Point: A concise checklist streamlines selection. Evidence: Key items are frequency fit, impedance behavior, mechanical fit, and corrosion resistance. Explanation: Before purchase, confirm frequency suitability, request mechanical drawing, ask for material/plating details, verify recommended solder process, and require test reports or sample RF measurements from the supplier.
Point: Practical incoming inspection and sample RF verification. Evidence: Visual, dimensional, continuity and RF tests detect manufacturing issues early. Explanation: Perform visual inspection, dimensional check against drawing, measure center and body continuity/contact resistance, then run sample RF tests (VSWR and insertion loss) on representative assemblies. Define go/no‑go criteria based on baseline measurements and application tolerances.
This connector serves as a robust, low-cost solder-style UHF plug option for HF/VHF and limited UHF applications where mechanical durability matters more than precision RF performance. Respect the connector's non‑constant impedance behavior near 300 MHz, verify mechanical mating and solder process, and execute the outlined incoming inspection and RF sample tests prior to deployment.
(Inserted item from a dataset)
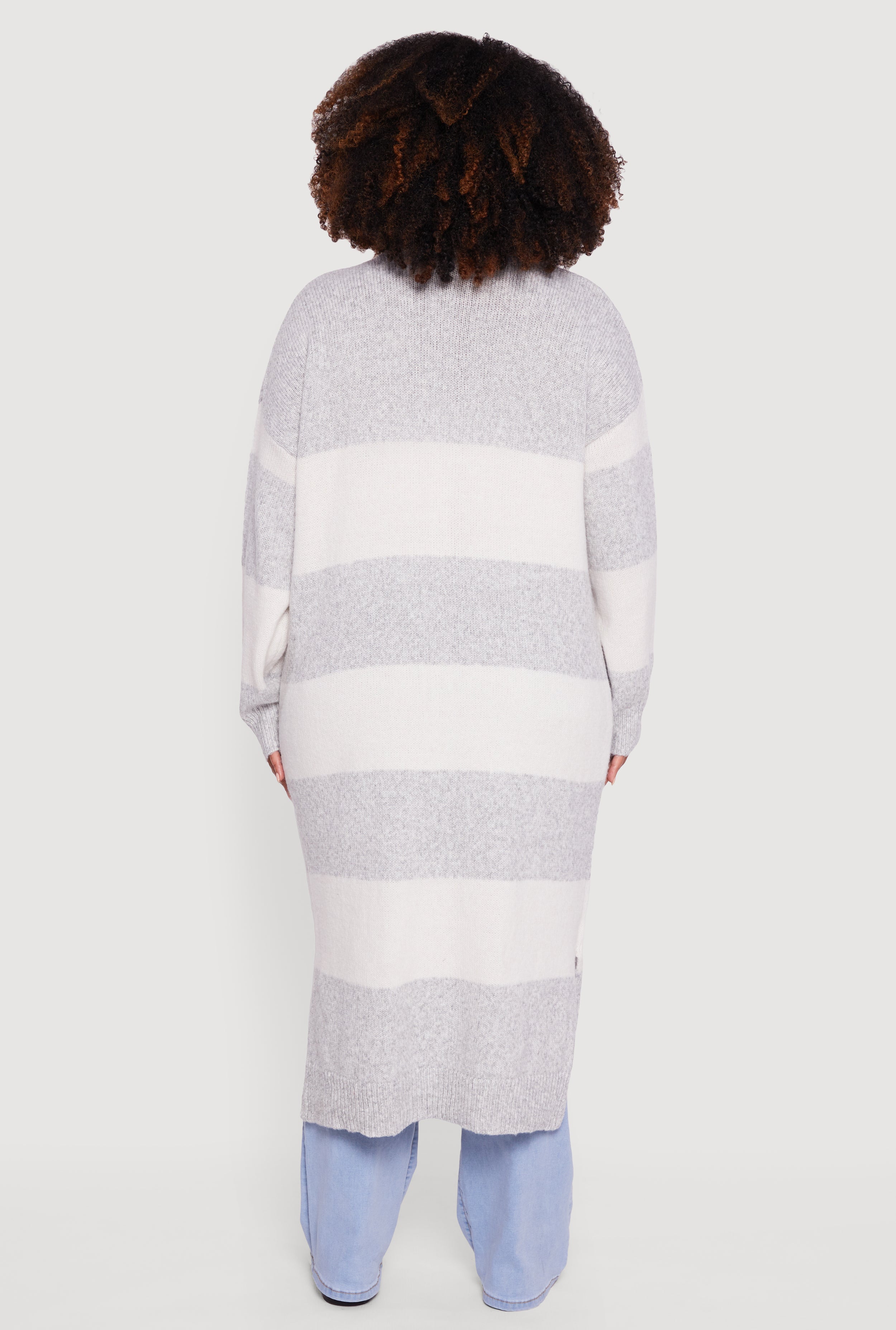 Slip into effortless style with the Plus Size Striped Marled Brushed Knit Duster. This classic fit duster blends cozy comfort with a chic striped marled pattern that’s perfect for casual days or office vibes. Long sleeves keep you covered while the soft brushed knit fabric feels like a warm hug. Whether you’re layering up for a coffee run or adding a stylish touch to your workwear, this duster is your new go-to for easy, everyday cool.

Typical guidance places recommended use up to about 300 MHz for reliable mechanical and RF behavior; above that, impedance variations and rising VSWR make performance application-dependent. Always verify with sample VSWR and insertion-loss measurements on the final cable assembly and reference plane.
Use a controlled soldering process with appropriate flux and solder alloy per your assembly policy; maintain brief heat exposure to avoid degrading dielectric materials. Ensure the center conductor is fully wetted and the outer braid is secured under the solder sleeve to maintain mechanical strength and low contact resistance.
Baseline tests include a calibrated VSWR sweep from low end up to intended frequency, insertion-loss measurement, and return-loss. Perform these on representative assemblies using the final cable and reference plane at the connector face; include post-environmental-stress retests if qualification requires.